Alternative therapies still hold great potential in treating BPH, prostatitis, and prostate cancer, concluded four research leaders in prostate disease who analyzed the evidence and brought their conclusions here to the Roundtable Discussion of Vitamins, Minerals, and Phytochemicals In Prostate Disease, sponsored by Farr Labs, LLC. But they urged urologists to encourage regulation and to work with manufacturers to provide efficacy and safety data and quality control.
"These therapies are here to stay," said J. Curtis Nickel, MD, professor of urology at Queens University, Kingston, Ontario.
There's great potential for complementary and alternative medicine (CAM) in the watchful waiting population of men with prostate cancer, said Mark A. Moyad, MD, MPH, Phil F. Jenkins Director of Preventive and Alternative Medicine in the department of urology, University of Michigan Medical Center, Ann Arbor, and editor-in-chief of Seminars in Preventive and Alternative Medicine.
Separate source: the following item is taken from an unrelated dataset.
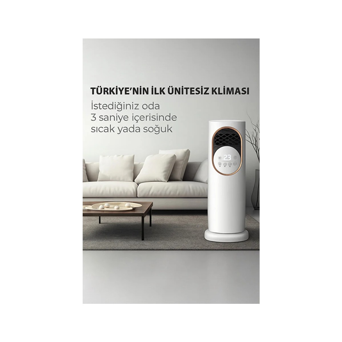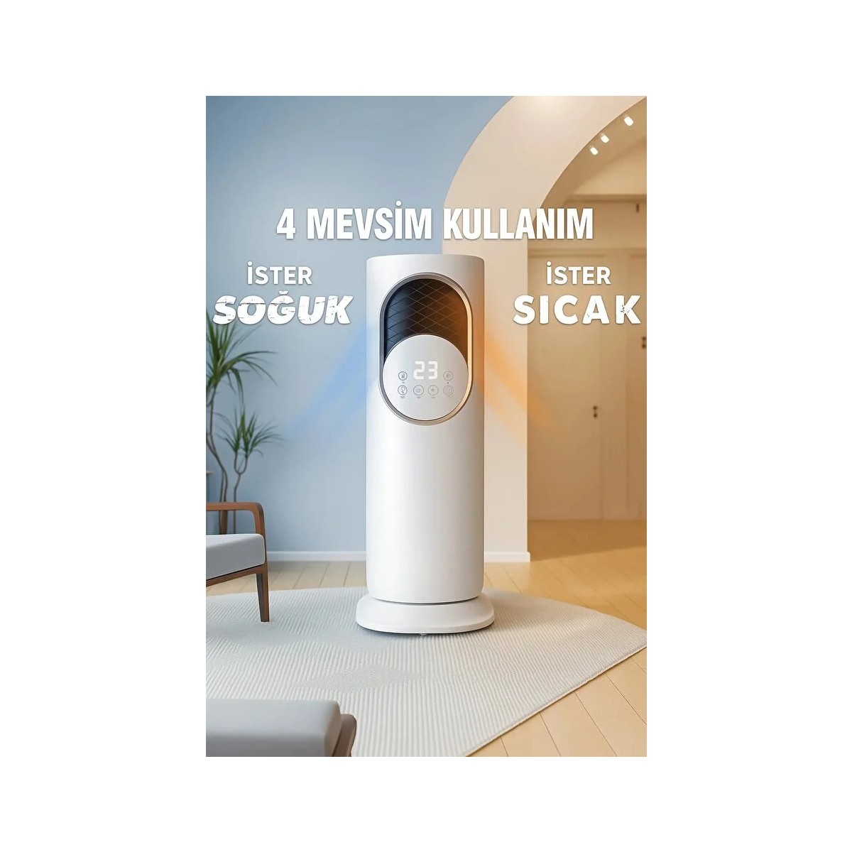 Evinizin her köşesinde konforu yaşayın!🔹 Oda Isısını Otomatik Koruma Teknolojisi 🔹 Yazın Serin, Kışın Sıcak – 4 Mevsim Kullanım 🔹 Buz Kalıbı ile Ekstra Soğutma Desteği 🔹Boyut/Ebat 28x33x88 cm’dir.; 🔹 Kolay Taşınabilir ve Ünitesiz Tasarım İster yaz sıcağında ferahlatıcı bir esinti, ister kışın sıcacık bir ortam arayın, bu cihaz her an yanınızda.; Minimalist ve modern görünümüyle her odaya uyum sağlar.; Uzaktan Kumandalı Taşınabilir Sıcak Üfleme Isıtıcı ile kış aylarında evinizin her köşesini hızla ısıtın.; * 12.000 BTU ısıtma kapasitesi sayesinde güçlü sıcak hava üflemesi sağlar.; * 180° döner hava sirkülasyonu ile sıcaklığı eşit şekilde dağıtır.; * 80 cm yüksekliği, modern tasarımı ve kompakt ölçüleri (25×20 cm) sayesinde yaşam alanlarına kolayca uyum sağlar.; * Uzaktan kumandası ile oturduğunuz yerden konforlu kontrol imkânı sunar.; * Portatif ve montaj gerektirmeyen yapısı sayesinde istediğiniz odaya rahatlıkla taşıyabilirsiniz.; Sıcak portatif taşınabilir ev tipi klima arayanlar için ideal bir çözümdür.; Hem şık tasarımı hem de etkili ısıtma performansı ile kış günlerinde vazgeçilmeziniz olacak.; Kışın hızlı ve homojen ısınmak isteyenler için tasarlanan ARTILED Uzaktan Kumandalı Sıcak Üfleme Isıtıcı, 180° hava sirkülasyonu ile sıcak havayı odaya eşit dağıtır.; Kolon/kule formu sayesinde az yer kaplar, dijital ekranlı modern tasarımıyla her dekora uyum sağlar.; Sıcak portatif taşınabilir ev tipi klima arayanlar için güçlü sıcak üfleme performansını kompakt gövdede birleştirir.; Öne Çıkanlar Güçlü sıcak üfleme: Odanın tamamında hissedilen hızlı ısınma deneyimi.; 180° salınım (hava sirkülasyonu): Sıcak havayı sağa–sola yönlendirerek ölü noktaları azaltır, homojen ısı dağılımı sağlar.; Uzaktan kumanda + dijital ekran: Oturduğunuz yerden aç/kapa, hız/kademe ve yönlendirme kontrolleri; anlık sıcaklık takibi.; Kompakt kule tasarım: 80 cm yükseklik, 25 cm taban genişliği, 20 cm derinlik ile salon, oturma odası, yatak odası, çalışma odası ve ofislerde yer kaplamadan konumlandırılır.; Taşınabilir kullanım: Montaj gerektirmeden farklı odalara kolayca taşınır; mevsim geçişlerinde pratik çözümdür.; Konfor ve şıklık: Minimal, modern çizgiler; nötr renk paletiyle dekorunuza uyum.

These men don't want to sit back and do nothing for themselves; indeed, they already use CAM therapies extensively, he pointed out.
"I want patients to understand how the real-world impact of preventive medicine goes beyond prostate cancer itself," he said, noting that only 10 of the 1,123 deaths in the Prostate Cancer Prevention Trial were because of prostate cancer.
The leading cause of death, as it is in the general population and as it has been for the past 106 years, was cardiovascular disease. In fact, in the first 10 years of treatment for prostate cancer, the leading cause of death-after prostate cancer itself-is a cardiovascular event. Encouraging patients to reduce their cardiovascular risk with diet, exercise, and control of diabetes, hypertension, and obesity will give them the best chance of survival, Dr. Moyad said.
"Ninety-nine times out of 100, if it's heart healthy, it's prostate healthy," he tells his patients.